Start of Block

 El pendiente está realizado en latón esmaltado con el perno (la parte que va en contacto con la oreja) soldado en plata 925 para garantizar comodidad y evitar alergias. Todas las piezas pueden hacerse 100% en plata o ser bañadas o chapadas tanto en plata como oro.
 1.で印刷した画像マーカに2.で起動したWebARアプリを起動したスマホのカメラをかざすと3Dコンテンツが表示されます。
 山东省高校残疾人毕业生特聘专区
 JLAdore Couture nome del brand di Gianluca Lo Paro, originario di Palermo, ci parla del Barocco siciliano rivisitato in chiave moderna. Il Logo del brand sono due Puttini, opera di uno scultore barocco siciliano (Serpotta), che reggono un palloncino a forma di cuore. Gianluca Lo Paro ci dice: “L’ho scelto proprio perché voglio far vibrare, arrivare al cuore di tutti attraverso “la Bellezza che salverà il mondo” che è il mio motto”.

End of Block
Start of Block

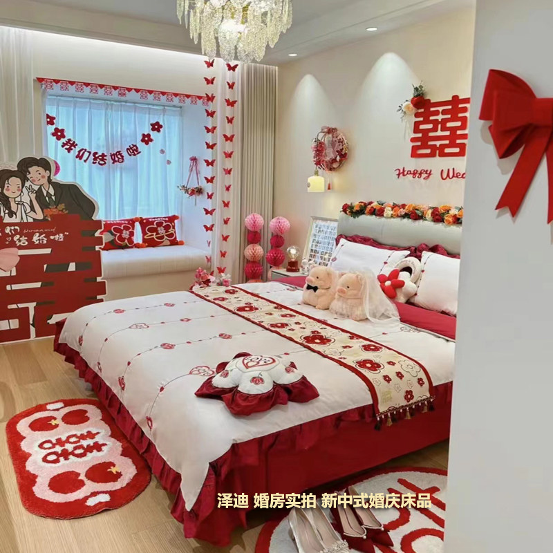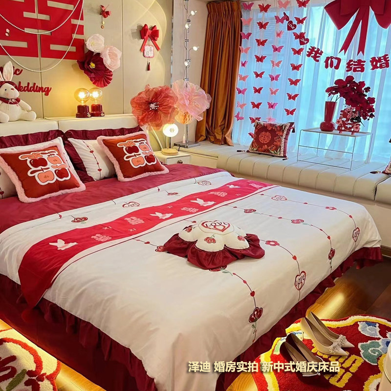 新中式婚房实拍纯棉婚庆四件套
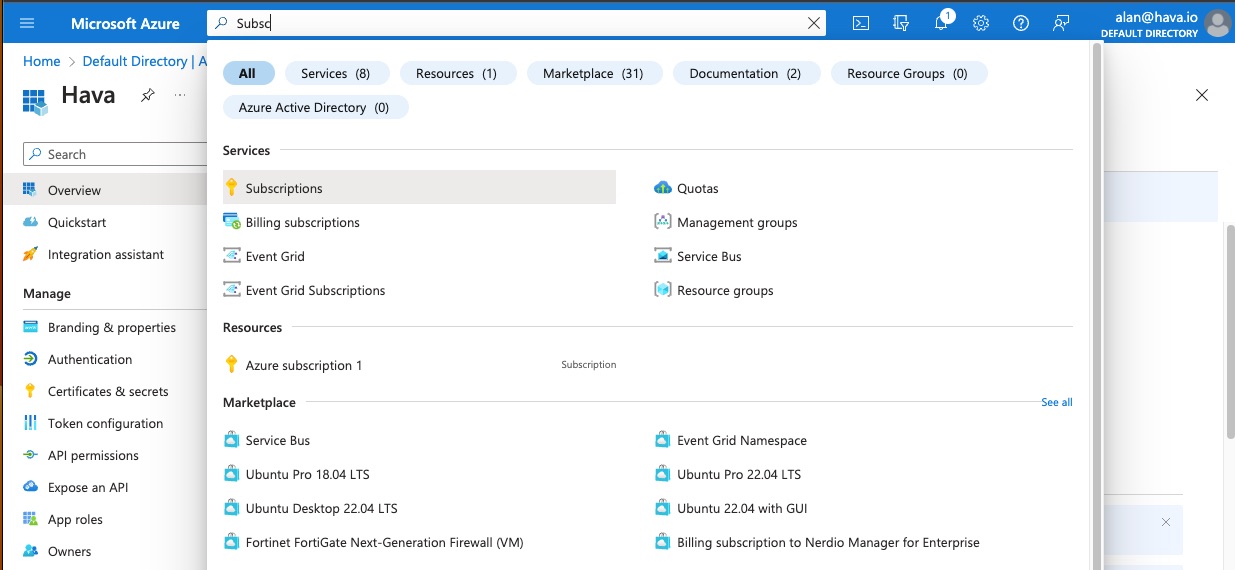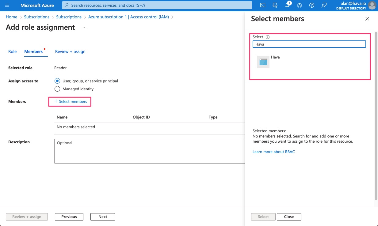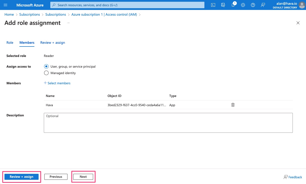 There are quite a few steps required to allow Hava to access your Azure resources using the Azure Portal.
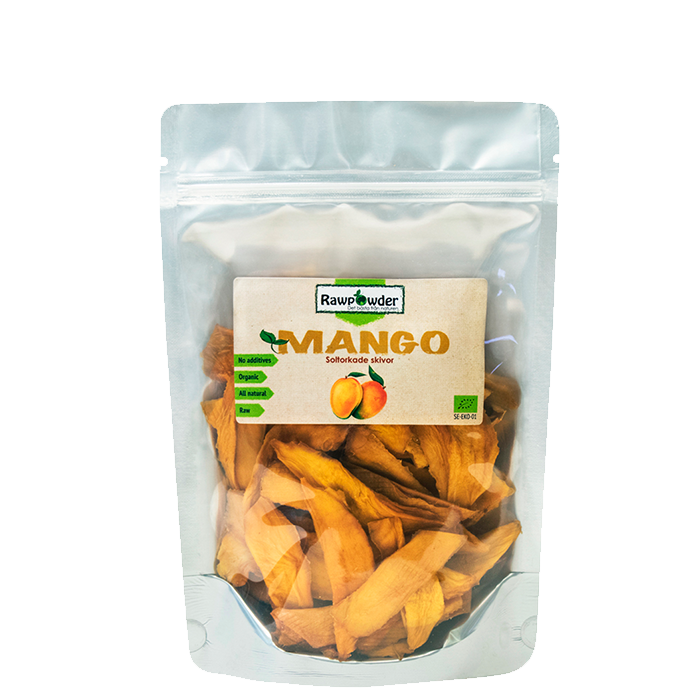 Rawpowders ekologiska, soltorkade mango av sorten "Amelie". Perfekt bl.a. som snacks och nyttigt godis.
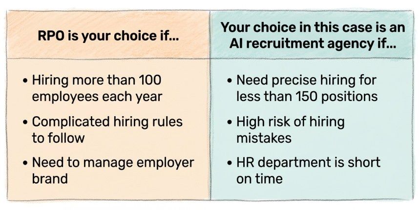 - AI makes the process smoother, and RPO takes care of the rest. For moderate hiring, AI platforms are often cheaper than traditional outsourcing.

End of Block

## Exercise objective
Leave out every picture, and copy exactly the lines above starting at the one holding "新中式婚房实拍纯棉婚庆四件套" and ending at the one holding "- AI makes the", no more and no less.

## Written answer
 新中式婚房实拍纯棉婚庆四件套
 There are quite a few steps required to allow Hava to access your Azure resources using the Azure Portal.
 Rawpowders ekologiska, soltorkade mango av sorten "Amelie". Perfekt bl.a. som snacks och nyttigt godis.
 - AI makes the process smoother, and RPO takes care of the rest. For moderate hiring, AI platforms are often cheaper than traditional outsourcing.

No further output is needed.